Tollens’ Test: Description, Principle, Procedure And Result Interpretation

What Is Tollens’ Test?

Tollens’ test also referred to as silver-mirror test is a qualitative laboratory test used to distinguish between aldehyde and ketone. The test is named after a German chemist, Bernard Tollens who discovered the test. The test involves use of Tollens’ reagent which must be prepared immediately prior to its use as an explosive substrate can be formed if it is allowed to dry.  In Tollens’ reaction, an aldehyde is oxidized to a carboxylic acid while the silver ion is reduced to silver metal, which deposits as a thin film on the inner surface of the glass. In other words, aldehydes give a grey black precipitate or a silver mirror when freshly prepared Tollens’ reagent is added to the solution.

Objective Of Tollens’ Test

  • To distinguish between aldehydic and ketonic functional groups.
  • To distinguish between reducing and non-reducing sugars.

Principle Of Tollens’ Test

Tollens’ reagent works on the fact that aldehydes are easily oxidized to the carboxylic acid using any mild oxidizing agents. Unlike aldehyde compounds, ketone-containing compounds cannot be easily oxidized to their respective carboxylic acids using mild oxidizing agents. Strong oxidizing agents are required to oxidize a ketone-containing compound.

Tollens’ reagent acts as a mild oxidizing agent and can easily oxidize an aldehyde. An aldehyde gives the positive test result for the Tollens’ test while most of the ketone give a negative test except ketones with alpha-hydroxy group. The reactants used to prepare Tollens’ reagent are aqueous silver nitrate solution (AGNO3), concentrated ammonia solution (NH3) and aqueous sodium hydroxide (NaOH). The role of NaOH is to maintain the basic PH of the solution.

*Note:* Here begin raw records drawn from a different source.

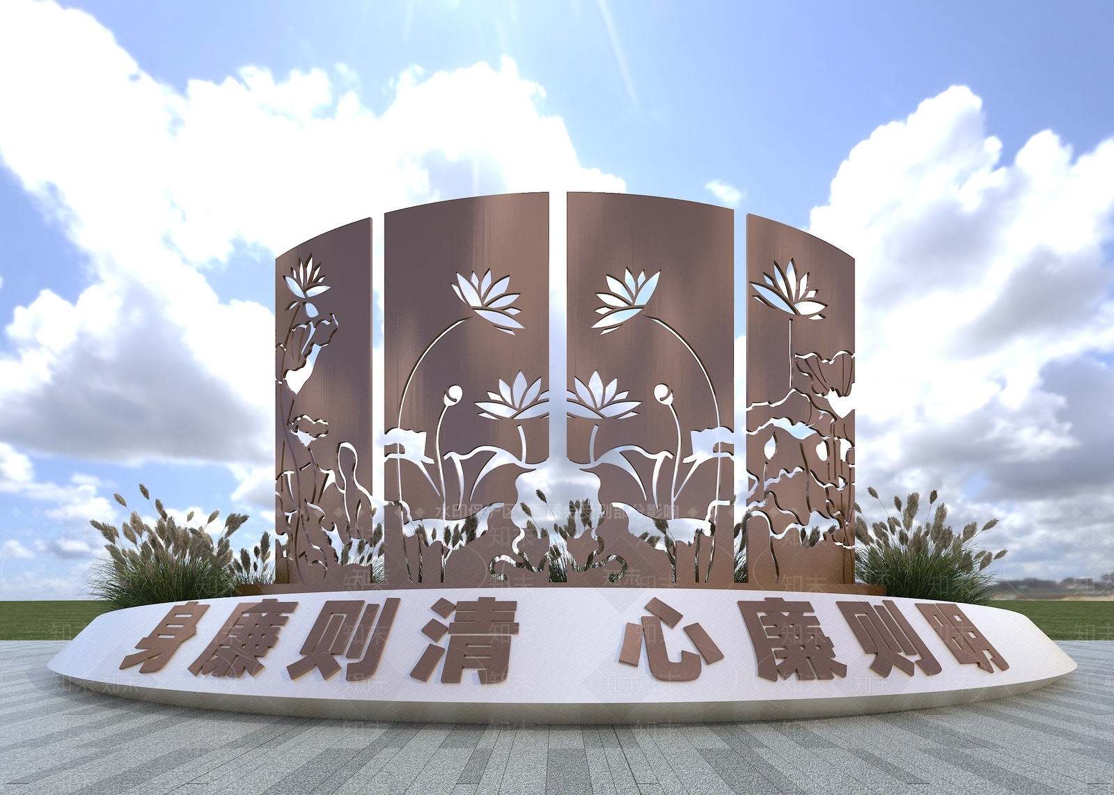 新中式现代雕塑 新中式 城市雕塑 镂空荷花 户外廉政文化雕塑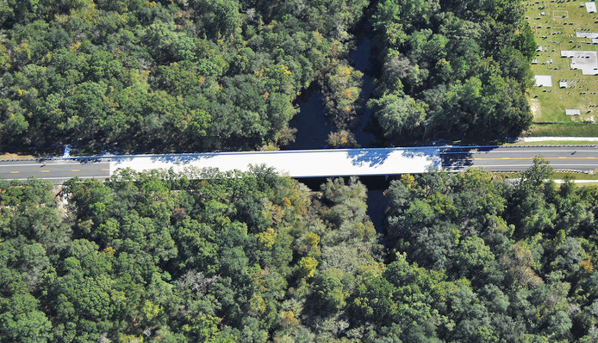 Located in the rural area south of Lake City, this project consists of the removal and replacement of the existing deficient bridge along with the associated roadway improvements. Removal of 125’ of existing embankment and roadway provided increased sheet flow through the drainage basin. Top-down construction methods were utilized due to environmental and right-of-way restrictions. The design of this 6-span structure incorporated the new Florida “I” Beam (FIB) spaced 12’ on centers. The project was completed within the original allowable contract time and received FDOT’s maximum Performance Score of 110.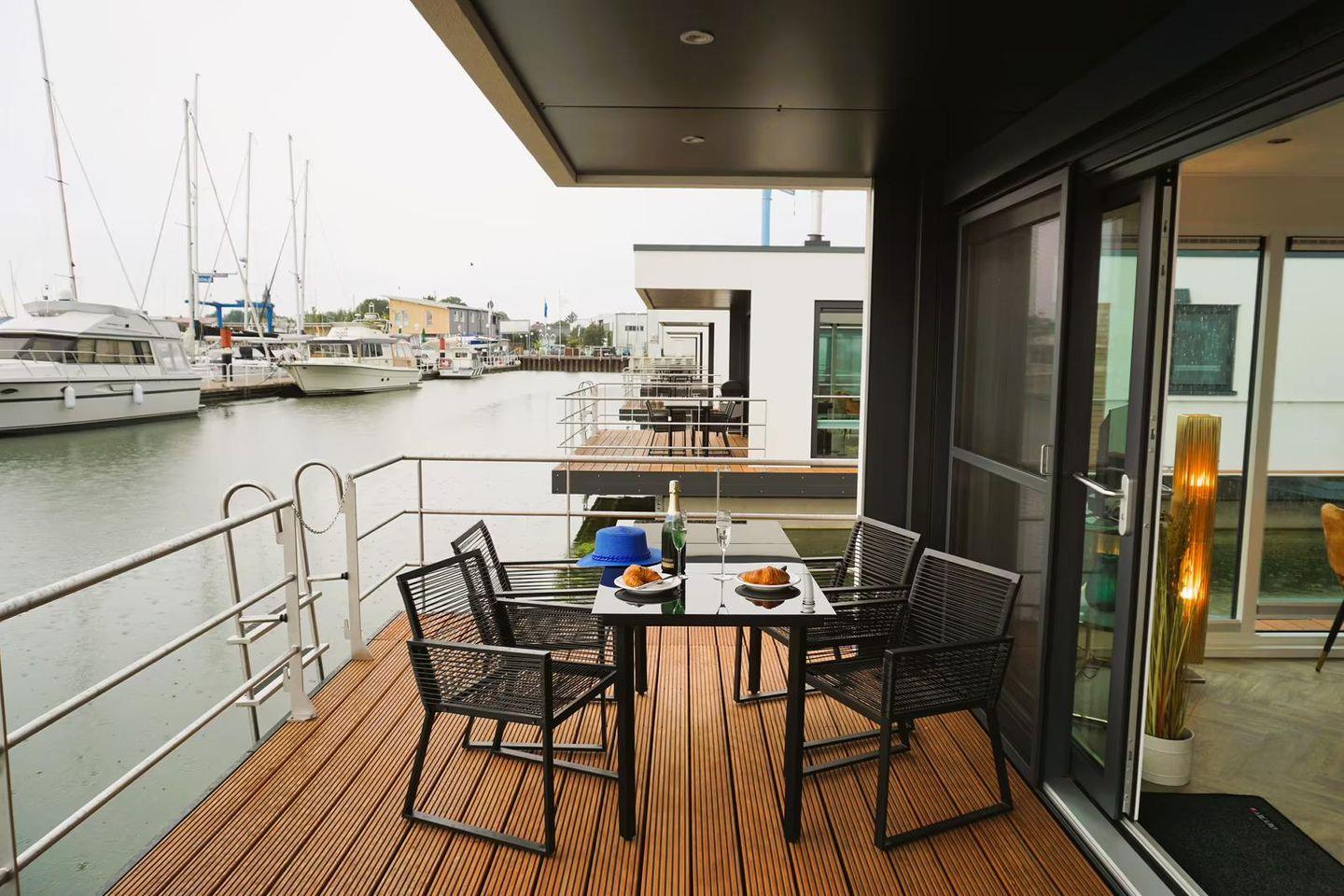 Floatinghouse Design IV in Kröslin: freistehendes, klimatisiertes Nichtraucher-Ferienhaus auf dem Wasser (44 m²) mit 3 Zimmern, 2 Schlafzimmern und 1 Bad für bis zu 4 Personen. Offene Küche zum Wohnzimmer mit Ceranherd, Spülmaschine und kompletter Ausstattung. Überdachte Terrasse mit Gartenmöbeln, Sonnenliegen und Elektrogrill, Steg direkt auf dem See mit See- und Landschaftsblick. WLAN, TV/Radio, Kamin/Ofen, Fliegengitter und Sichtschutz vorhanden. Kinder willkommen.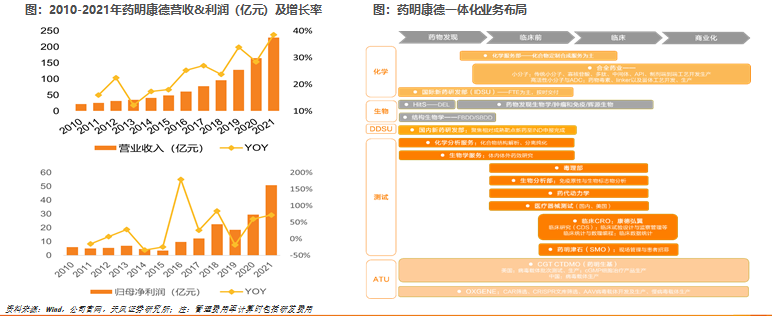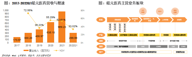 CDMO和生物试剂等业务。研发驱动结合全球品牌,高效赋能新药研发。分子砌块和工具化合物业务2021年营收同比增长57.60%,占比达56.23%,毛利率68.28%。该类产品主要用于药物发现,现有化合物库包含分子砌块超4.2万种、工具化合物超1.6万种。自主品牌乐研和MCE试剂平台分别负责国内、外客户渠道运营,助力快速开拓公司全球业务。凭借强大研发能力与全球化品牌,该业务板块市场份额有望持续扩大。搭建一体化CDMO服务平台,加速推进产能建设。原料药和中间体业务2021年营收同比增速为46.33%,占比约43%,毛利率近36%。公司与知名药企签订艾立布林、曲贝替定等高难仿药合作协议,通过技术授权实现收入并获得销售分成;2021年承接创新药CDMO项目173个,其中上市申报/获批项目8个;马鞍山产业化基地部分车间进入设备安装调试阶段,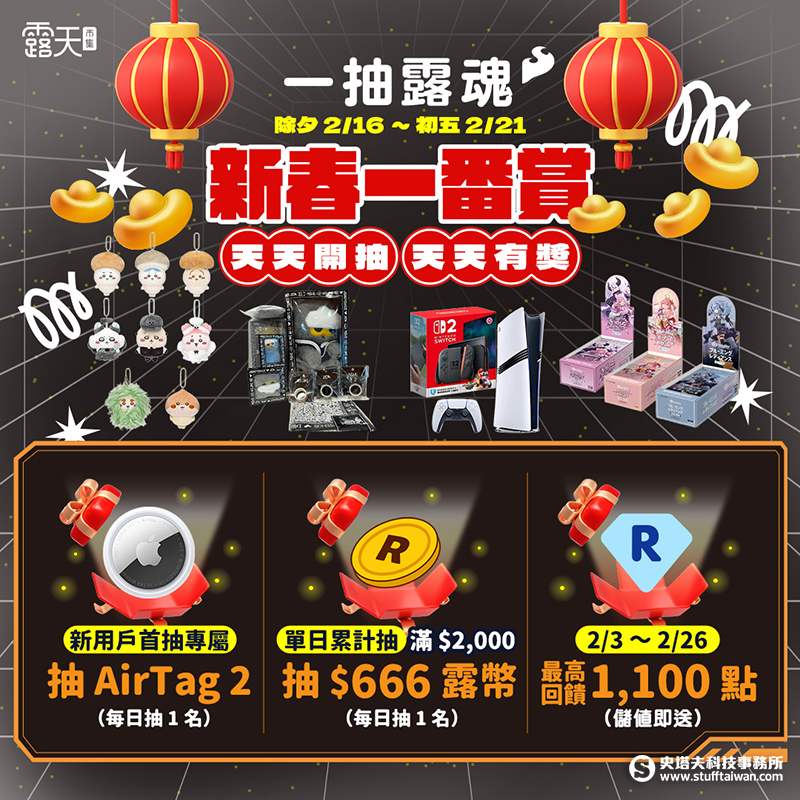 另一亮點為「一抽露魂」線上一番賞的服務,在農曆春節除夕至初五(2/16~ 2/21)推出「天天開抽、天天有賞」三重活動:新用戶首抽專屬抽 AirTag 2(每日抽 1 名);單日累計抽滿2,000元,即抽 666 露幣(每日抽 1 名) 。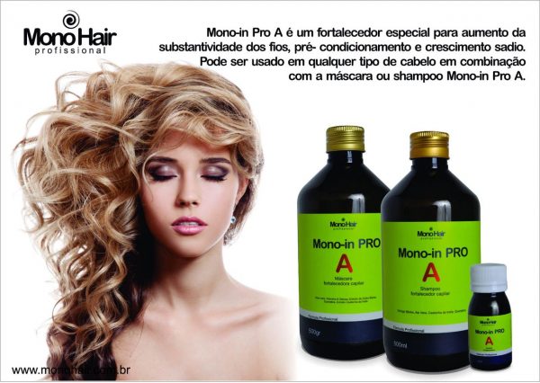 Creme sem enxague Mono-in Pro A – O Leave-in Mono-in Pro A é um excelente tratamento especial para aumento da substantividade dos fios, condicionamento e crescimento sadio. Dentre outros ativos conta ainda com: Extrato de Alecrim, Aloe Vera, Vitamina A Oleosa, Extrato de Ginko Biloba, Queratina , Extrato de Castanha da índia. Pode Ser usado em qualquer tipo de cabelo.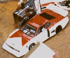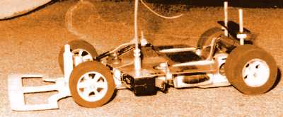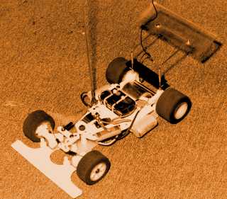 プラボディは破損が激しいので、なるべく強靱なクリヤボディを、と思い製作したのがこれです。メーカーはクライマックスというところで、もともとは12分の1のGPカー用のもので、ポリカも厚くクラッシュにも強かったのでした。シャシーは基本的に934のままですが、左右のボディキャッチを3ミリビスを利用したものに変更しているほか、前後にもアルミ板を曲げて作ったボディキャッチを新設している。写真はミツコシGPに初参加したときのもので、バッテリーは軽量化をねらってマブチ・スーパーセルをバラした600ミリ。ガムテープのパックがおしゃれかもしんない(^_^;)

When a compound containing an aldehyde group is reacted with a Tollen’s reagent also referred to as ammoniacal silver nitrate solution, the diamminosilver(I) ion-Ag(NH3)2+in the reagent, though a very weak oxidizing agent, oxidizes aldehydes to carboxylate anions. On the other hand, silver is reduced from the +1 oxidation state [of Ag(NH3)2+ ] to metallic silver. If the rate of reaction is slow and the walls of the vessel are clean, metallic silver deposits on the walls of the test tube as a mirror, if not, it deposits as a gray-to-black precipitate. On the contrary, if a ketone-containing compound without alpha-hydroxyl group is warmed with Tollens’ reagent (ammoniacal silver nitrate solution), no silver mirror or black precipitate is generated; in fact, there is no change in the reaction.


Reagent And Material Required


  • Tollens’ Reagent
  • Test solution/sample

Material Required

  • Test tubes
  • Test tube stand
  • Pipette
  • Water bath

Tollens’ Test Procedure

  1. Take two clean dry, test tubes and add 1 ml of the test solution/sample in one test tube.
  2. Similarly, take 1 ml of distilled water in another test tube to act as control.
  3. Add 2 ml of Tollens’ reagent to both test tubes.
  4. Keep both the test tubes in a water bath for at least 2 minutes.
  5. Observe the development of color in the test tube.

Tollens’ Test Result Interpretation

  • Positive Test: A positive Tollens’ test is indicated by formation of dark grey precipitate or silver mirror on the bottom and sides of the test tube. This confirms the analyte or sample contains an aldehydic functional group or reducing sugars/Aldoses present.
  • Negative Test: A negative Tollens’ test is indicated by absence of dark-grey precipitate or no change in the reaction. This confirms absence of aldehydic functional group in the sample or reducing sugar/Aldoses absent.

Limitation Of Tollens’ Test

  • Some carbohydrates that do not have an aldehyde group might give a positive result on Tollens test because of the isomerization of such sugars under alkaline conditions.
  • The test involves use of Tollens’ reagent which must be prepared immediately prior to its use as an explosive substrate can be formed if it is allowed to dry.